Accordingly, the determination device 100 according to the embodiment calculates the scores regarding the probability of the user performing a predetermined behavior for the plurality of pieces of content, and determines the advertisement of the app to be distributed to the terminal device 10 on the basis of the calculated scores, thereby to appropriately determine the distribution content to be distributed to the terminal device 10. That is, the determination device 100 can distribute the advertisement of the app having a high probability of being installed by the user, to the terminal device 10 of the user, thereby to improve the advertisement effect.
Further, in the determination device 100 according to the embodiment, the calculation unit 133 calculates the scores of the plurality of pieces of content on the basis of the individual score for each user information.
Accordingly, the determination device 100 according to the embodiment can appropriately determine the content to be distributed to the terminal device 10 according to the scores on the basis of the individual scores generated for each user information.
Further, in the determination device 100 according to the embodiment, the calculation unit 133 calculates the scores of the plurality of pieces of content on the basis of the individual scores generated for each user information including the user attribute information that is the information indicating the attributes of the user.
Accordingly, the determination device 100 according to the embodiment can appropriately determine the content to be distributed to the terminal device 10 according to the scores on the basis of the individual scores generated for each user information including the user attribute information.
Further, in the determination device 100 according to the embodiment, the calculation unit 133 calculates the scores of the plurality of pieces of content on the basis of the individual scores generated for each user information including the terminal information that is the information regarding the terminal device 10.
Accordingly, the determination device 100 according to the embodiment can appropriately determine the content to be distributed to the terminal device 10 according to the scores on the basis of the individual scores generated for each user information including the terminal information.

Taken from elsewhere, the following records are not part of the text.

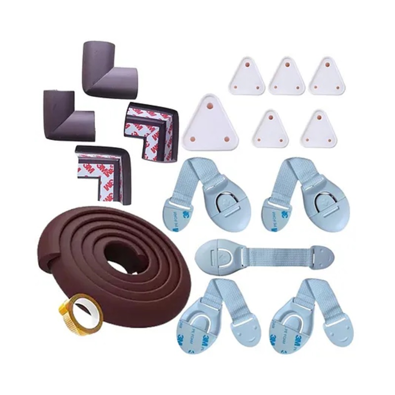 COMPLETE SAFETY KIT All-in-one baby proofing set includes 2-metre edge guard, 4 corner guards, 5 socket guards, and 5 child safety locks EDGE PROTECTION 2-metre long foam edge guard cushions sharp furniture edges and can be easily cut to desired lengths fo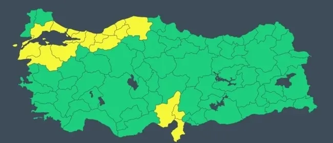 Meteoroloji Genel Müdürlüğü'nden yapılan açıklamada, Adana, Balıkesir, Bolu, Bursa, Çanakkale, Hatay, İstanbul, Kastamonu, Kocaeli, Sakarya, Tekirdağ, Zonguldak, Bartın, Yalova, Karabük, Osmaniye ve Düzce için sarı kodlu gök gürültülü sağanak yağış uyarısında bulunuldu.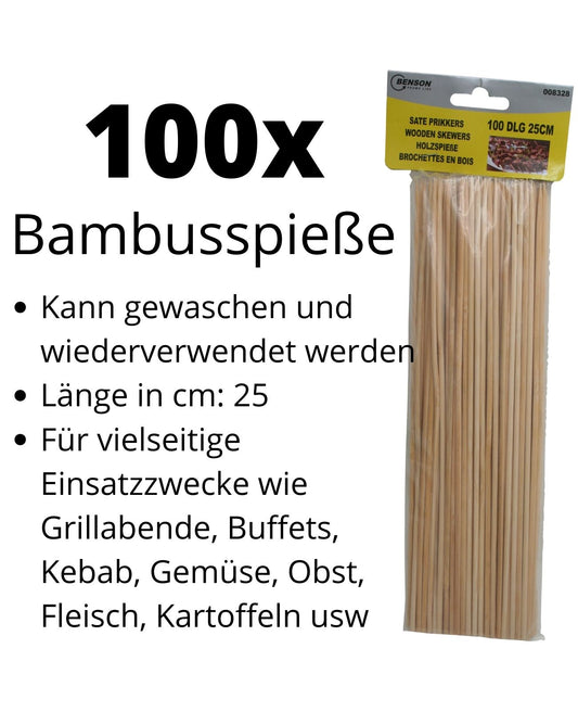Holzspieße Schaschlikspieße Bambusspieße Grill BBQ Barbecue Fleisch Spieße 100x
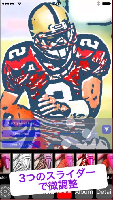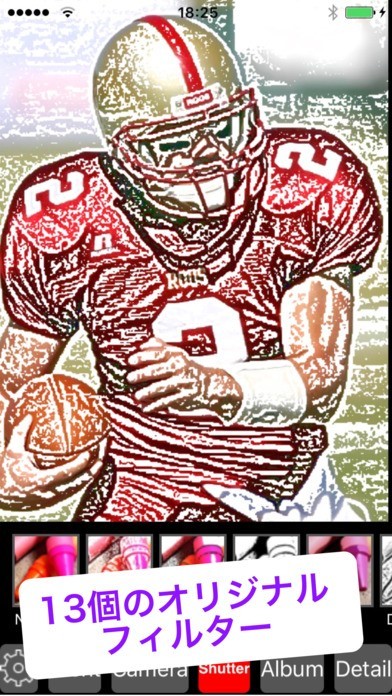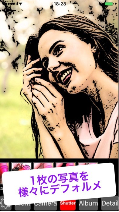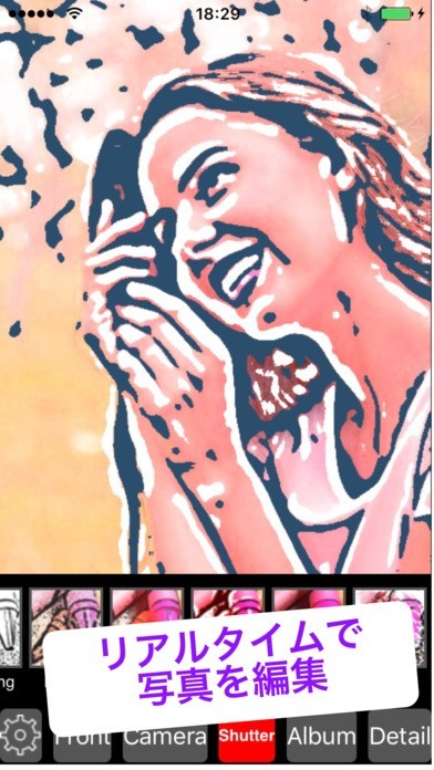App Storeより引用写真を手書き風のデッサン画、スケッチ画に加工するアプリです。独自の技術によって生み出された13個のオリジナルフィルタで、写真を多彩に加工してみましょう。カメラから入ってくる映像に直接エフェクトをかけますので、デフォルメの結果を確認しながらシャッターを切ることができます。

Further, in the determination device 100 according to the embodiment, the determination unit 134 determines the distribution content to be distributed to the terminal device 10 on the basis of the degree of rarity of the user to one piece of content calculated on the basis of the score of the one piece of content in the user who uses the terminal device 10, and the scores of the one piece of content in other users.
Accordingly, the determination device 100 according to the embodiment can appropriately determine the content to be distributed to the terminal device 10 on the basis of the rarity of the user who uses the terminal device 10 in the pieces of content.
Further, in the determination device 100 according to the embodiment, the determination unit 134 determines the distribution content to be distributed to the terminal device 10 on the basis of the degree of rarity of the user to one piece of content calculated on the basis of the difference between the score of the one piece of content in the user who uses the terminal device 10, and an average of the scores of the one piece of content in the plurality of users.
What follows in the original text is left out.